Going back to the mass/inertia thing, even though the slide is an integral part of an SA and a portion of its total weight, the slide weighs less (and has less mass/inertia) than the rest of the firearm - which is also being braced in the shooter's hand. When the initial energy force is applied (as recoil), much of the initial recoil energy is transfered to the lighter weight slide (which sends it moving to the rear much faster than the heavier frame & barrel which is also braced in the shooter's hand) and only the remaining portion of the initial recoil force is applied to the shooter's hand. Once the slide bottoms out against the frame on it's rearward travel, the portion of initial recoil energy applied to the slide is then transfered to the frame and on into the shooter's hand as a "second jolt".
Even though your hand is receiving the same total amount of recoil force with either the revolver or SA (when weapon weight, bullet weight, and power charge all remain identical), you'll generally feel a sharper jolt from the revolver since it's delivering the total recoil force all at once where the SA is dividing the total force into a couple of less-intense bumps even though it happens so fast they're hard to distinguish.
All of the above ramble dealing with actual recoil force still doesn't consider that many other factors can also greatly influence how that recoil force is perceived or "felt" because I've fired a number of handguns which delivered a considerably higher amount of recoil force but were still more comfortable and manageable to shoot than ones with less total recoil force. Even though a revolver doesn't spread the total recoil force over a longer duration of time, its weight distribution remains constant and the recoil-induced weapon movement is over in a hurry.

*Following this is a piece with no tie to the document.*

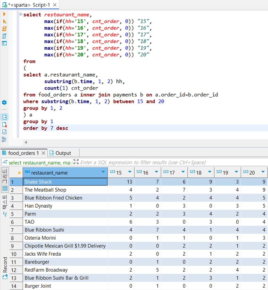 ▶ 그리고 정렬 기준이 20시 주문 건수를 기준으로 내림차순이라서, 7번째 줄에 20시에 대한 내용이 있어서 order_by 7 desc라고 작성한다. 끝!!

However, upon firing, the weight distribution of an SA starts moving to the rear, and the slide transfering the rest of the recoil force to the frame of a now more butt-heavy weapon tends to snap the weapon and shooter's wrist upward to make the recoil "feel" more uncomfortable and create a greater muzzle rise off target. An SA with a heavier slide to frame weight ratio would increase this upward jolt to the wrist when it bottomed out, and an SA with a shorter slide travel distance would put the two recoil bumps closer together to possibly "feel" a little more intense than the wider spacing of recoil force from a longer slide travel. Barrel length between two identical weight weapons (with same bullet weight and power charge) will also make a noticeable difference in the "feel" of identical recoil force amounts.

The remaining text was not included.